> **WHAT TO PRODUCE**:
Here is the task for the listing below: output exactly the lines from the one containing "クレンジングはオイル派だった" through the one containing "Vuoi progettare la", and leave out the pictures.

> **RECORDS FOR THIS TASK**:

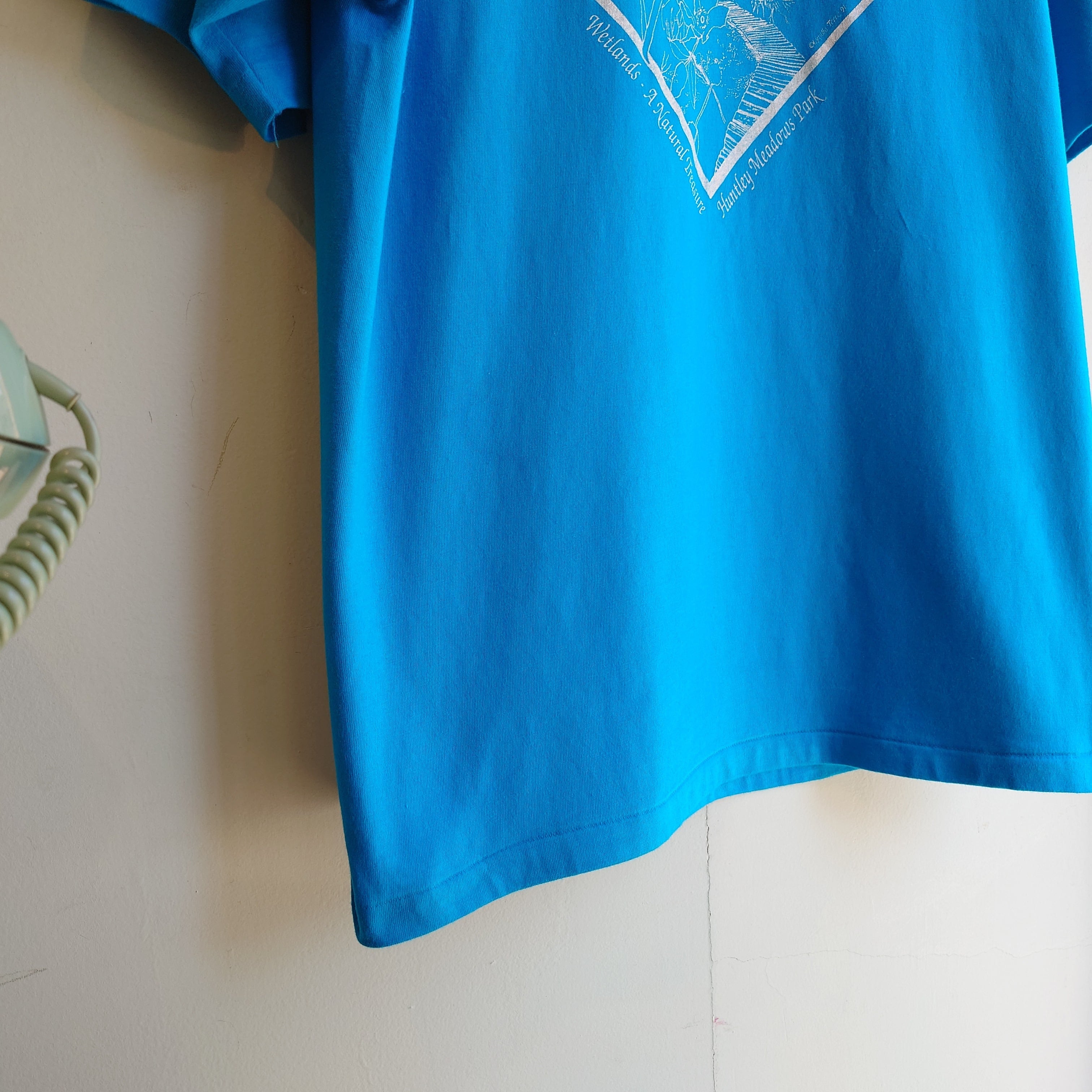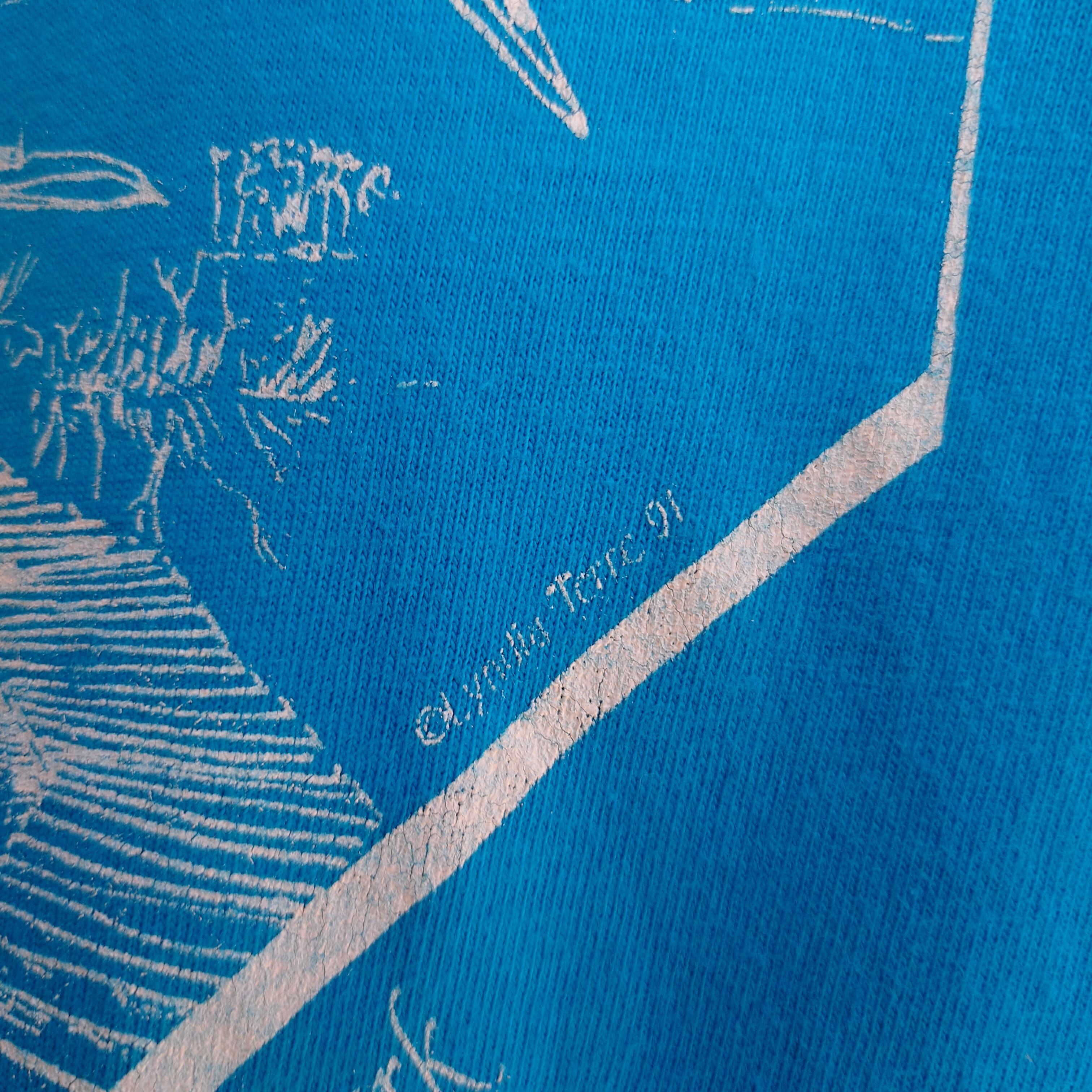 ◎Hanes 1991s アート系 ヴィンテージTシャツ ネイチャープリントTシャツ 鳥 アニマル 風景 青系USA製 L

==

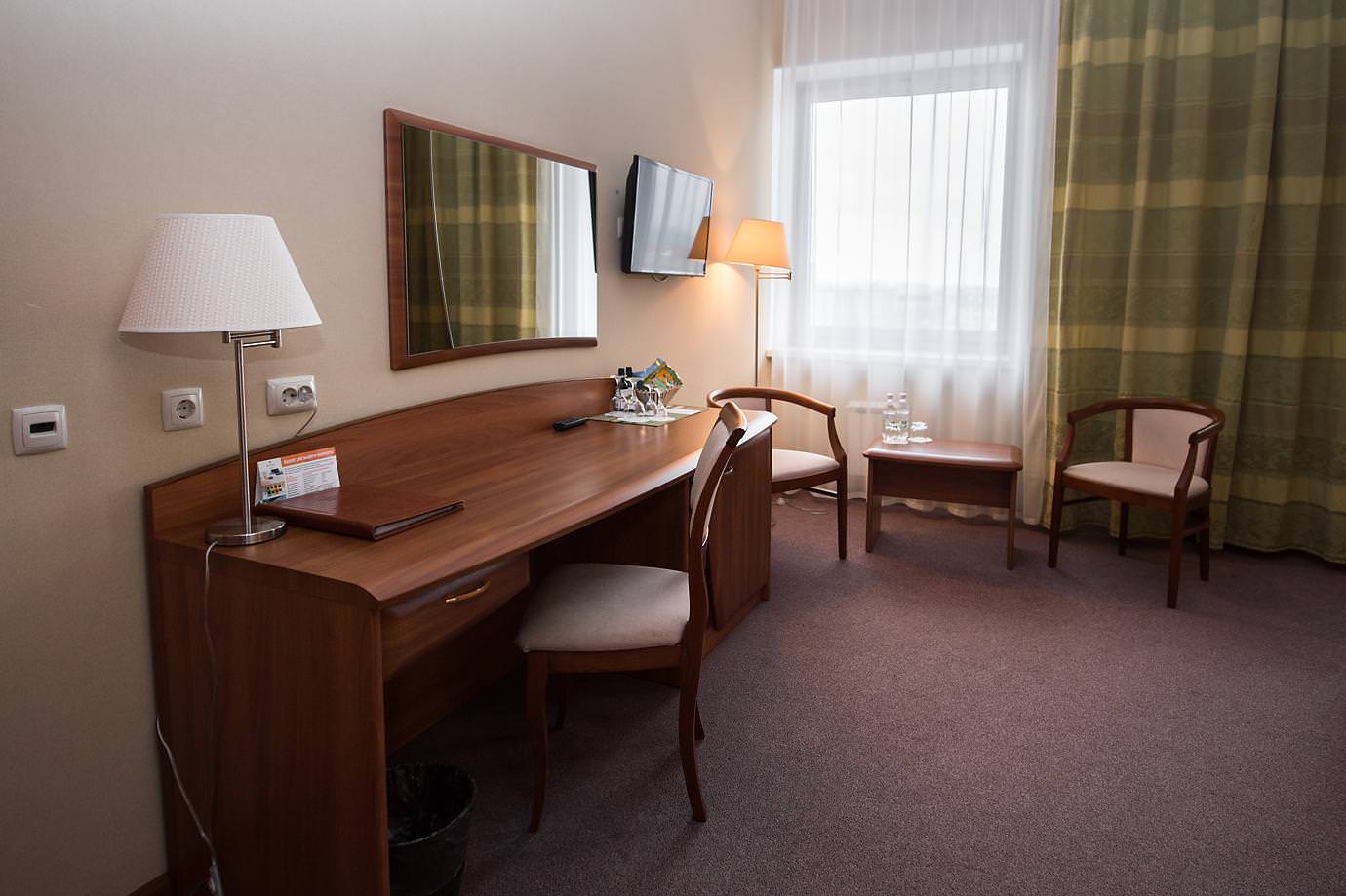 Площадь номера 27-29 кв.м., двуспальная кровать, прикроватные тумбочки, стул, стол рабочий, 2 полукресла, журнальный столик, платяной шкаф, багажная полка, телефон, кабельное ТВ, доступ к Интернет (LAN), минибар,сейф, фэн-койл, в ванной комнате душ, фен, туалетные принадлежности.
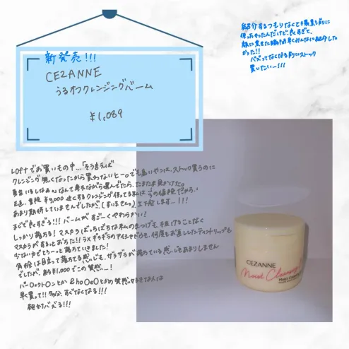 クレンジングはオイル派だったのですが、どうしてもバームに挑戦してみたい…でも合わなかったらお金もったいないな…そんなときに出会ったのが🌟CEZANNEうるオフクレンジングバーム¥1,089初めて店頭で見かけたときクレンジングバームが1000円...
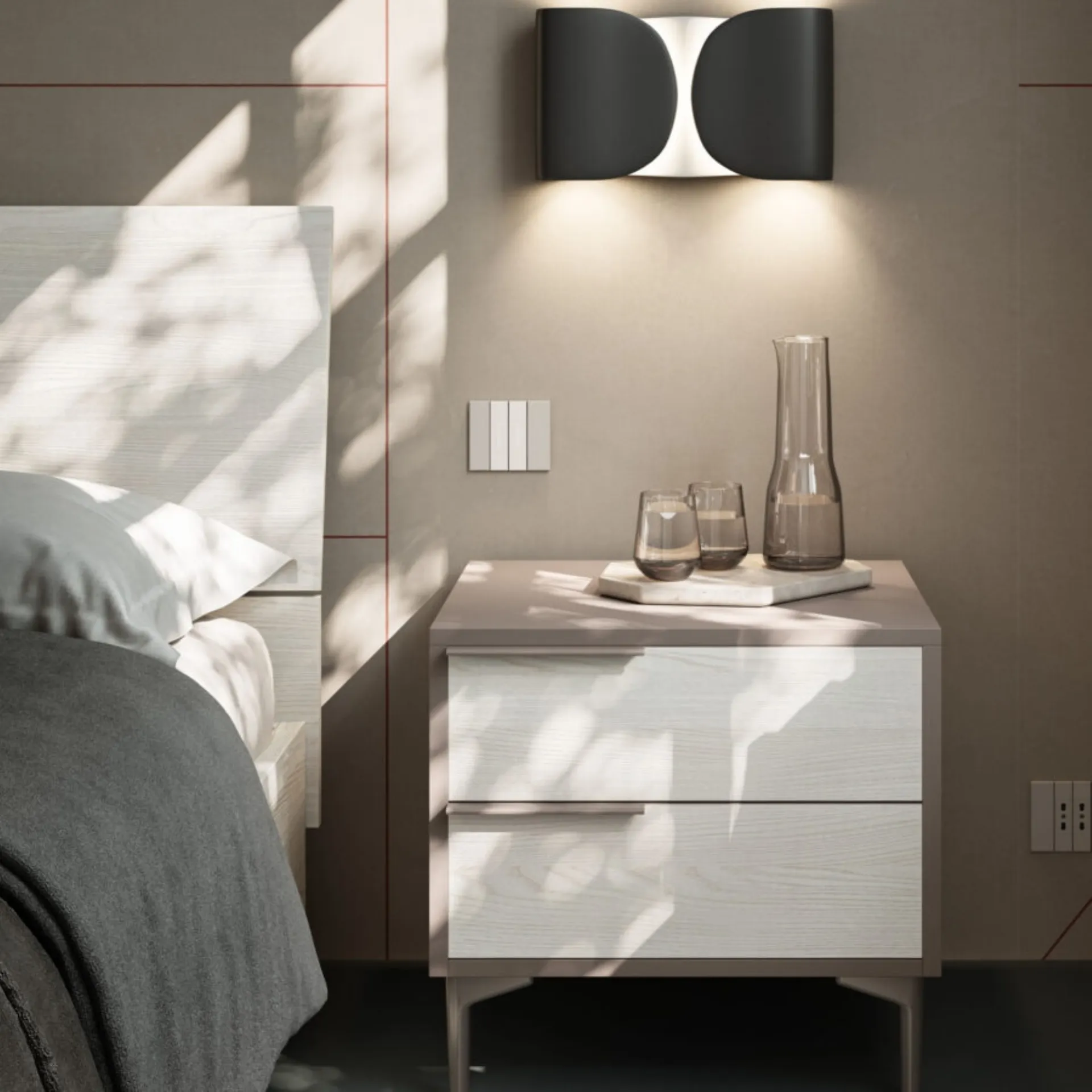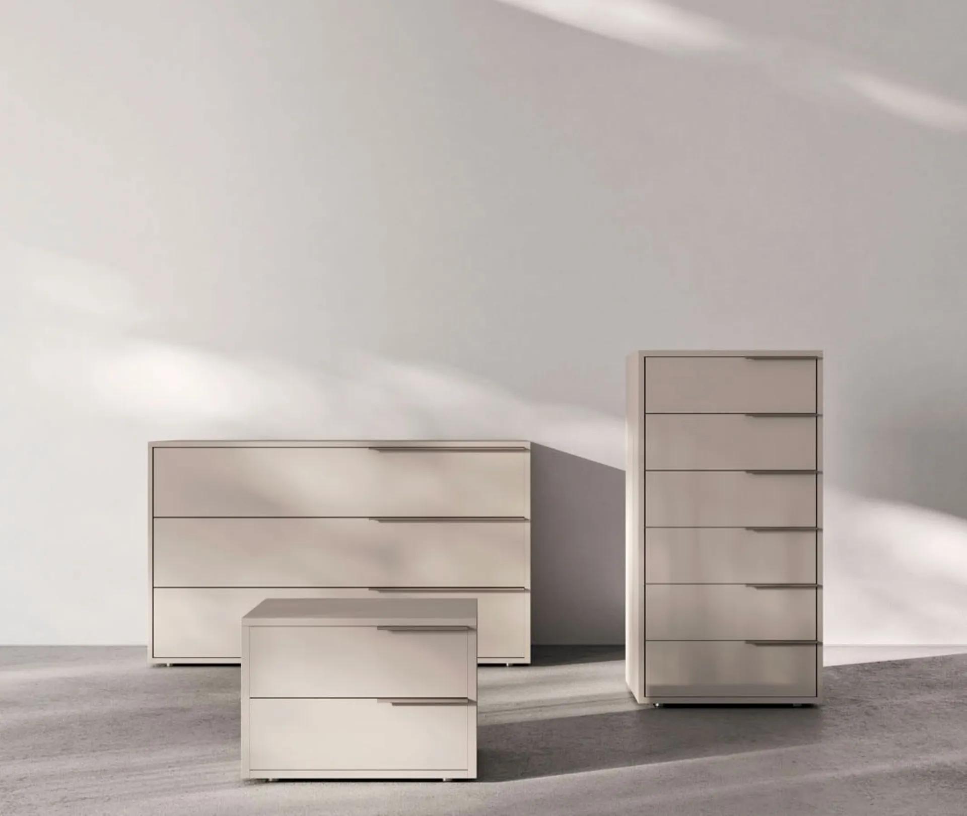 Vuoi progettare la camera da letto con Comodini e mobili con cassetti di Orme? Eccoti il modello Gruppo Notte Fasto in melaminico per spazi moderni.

> **RESULT OF THE EXERCISE**:
 クレンジングはオイル派だったのですが、どうしてもバームに挑戦してみたい…でも合わなかったらお金もったいないな…そんなときに出会ったのが🌟CEZANNEうるオフクレンジングバーム¥1,089初めて店頭で見かけたときクレンジングバームが1000円...
 Vuoi progettare la camera da letto con Comodini e mobili con cassetti di Orme? Eccoti il modello Gruppo Notte Fasto in melaminico per spazi moderni.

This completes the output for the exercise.